Il parallelismo tra presente e passato è quindi inevitabile: la resistenza del popolo ucraino contro l’esercito russo ricorda per certi versi quella degli italiani contro i nazi-fascisti 77 anni fa. «Oggi io sono una partigiana», il commento di Iryna Yarmolenko, consigliera comunale di Bucha intervenuta sul palco del Duomo di Milano. Insieme a lei, la connazionale Tetyana Bandelyuk, che ha affermato come il 24 febbraio il suo Paese si sia «svegliato in un libro di storia». L’invasione dell’Ucraina ci riporta dunque indietro nel tempo, rendendo Bella ciao di nuovo attuale. Tant’è vero che è stata riadattata dalla popolare cantante folk Khrystyna Soloviy, che ha voluto dedicarla «a tutti gli eroi che in questo momento combattono per la nostra terra».

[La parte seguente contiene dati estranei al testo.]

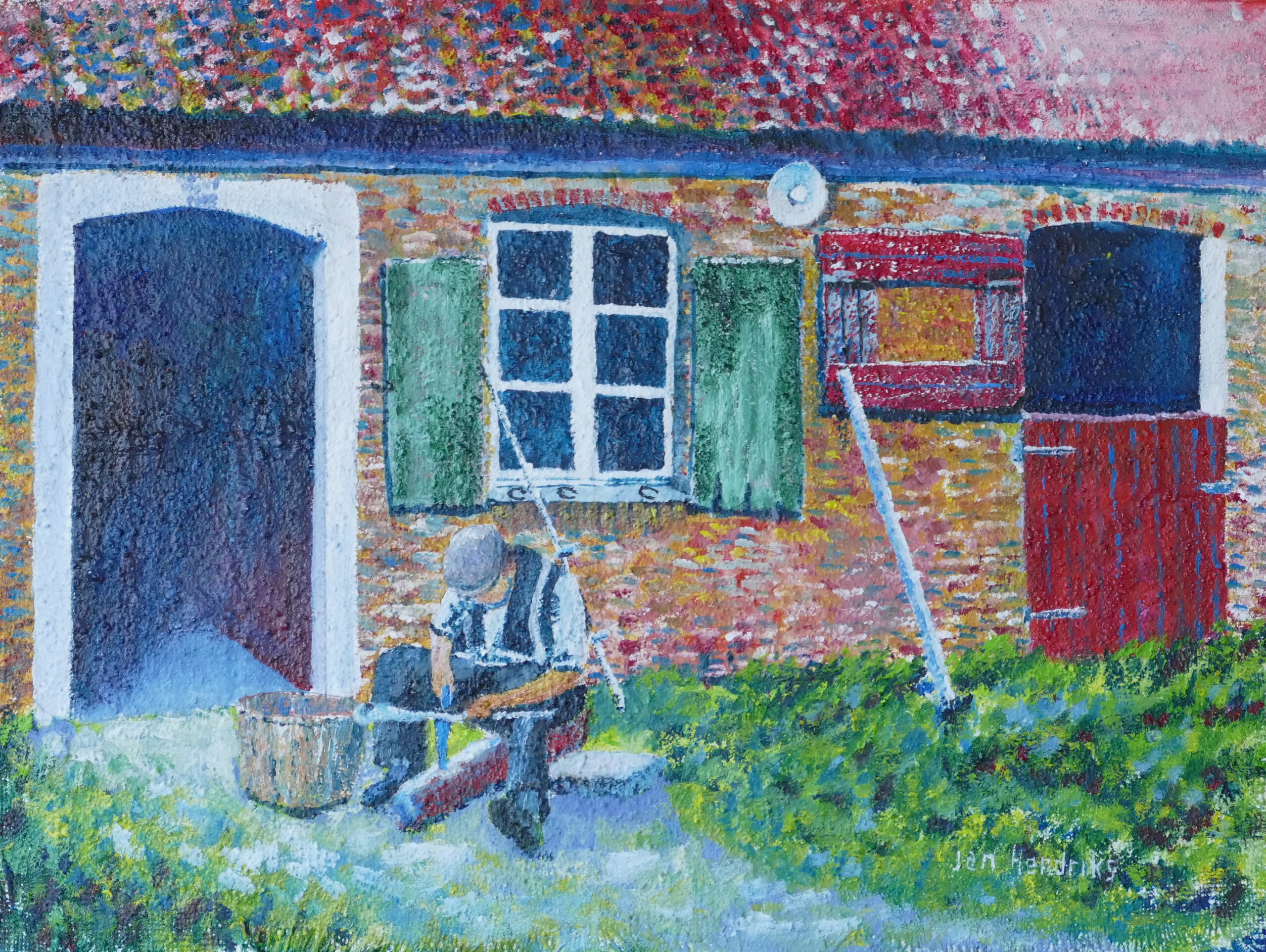Werk gemaakt op basis van een oude zwart wit foto uit 1960. Willem van Rijt bij het haren van de zeis.
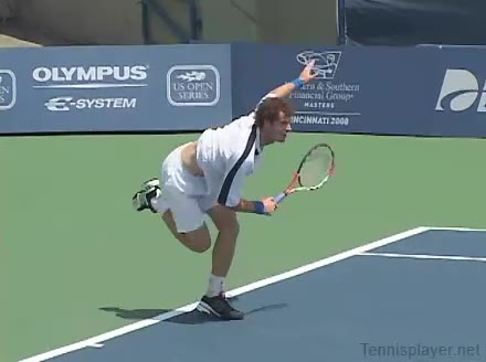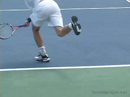 Andy Murray's backhand slice from a wide position, filmed from the side. His hips stay relatively closed to the net while his knees flex to lower his center of gravity, with the back leg lightly driving off the court to reach the wide ball.
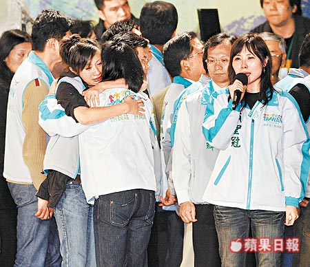 長昌競選總部舞台上,北市議員顏聖冠(右)極力安慰支持者,立委邱議瑩(左三)和北市議員許淑華(左二)則相擁而泣。(蘋果日報2008.3.23)
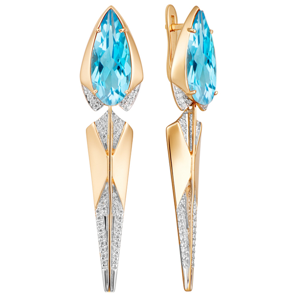 Эффектные серьги с крупными ситал топазами огранки вытянутая «груша» — смелая геометрия и благородный блеск. Архитектурный силуэт дополнен сиянием фианитов, подчёркивающим глубину центральных камней. Широкая форма и вытянутые пропорции делают украшение выразительным акцентом — для тех, кто выбирает уверенную элегантность. Серьги смотрятся смело и дерзко и не нуждаются в сопровждении других украшений.

La canzone, parlando di lotta contro un invasore, vale per tutte le situazioni in cui qualcuno lotta per la propria libertà. Anche «la nostra liberazione non è stata conquistata con le parole – ricorda il sindaco di Milano Giuseppe Sala – e la resistenza non è stata fatta senza sofferenza». L’obiettivo, naturalmente, è porre fine al conflitto. Lavorando per un mondo in cui regnino pace e giustizia. Non è un caso, ha ricordato la partigiana Iole Mancini, che «il simbolo dei partigiani non sia un fucile, bensì un fiore».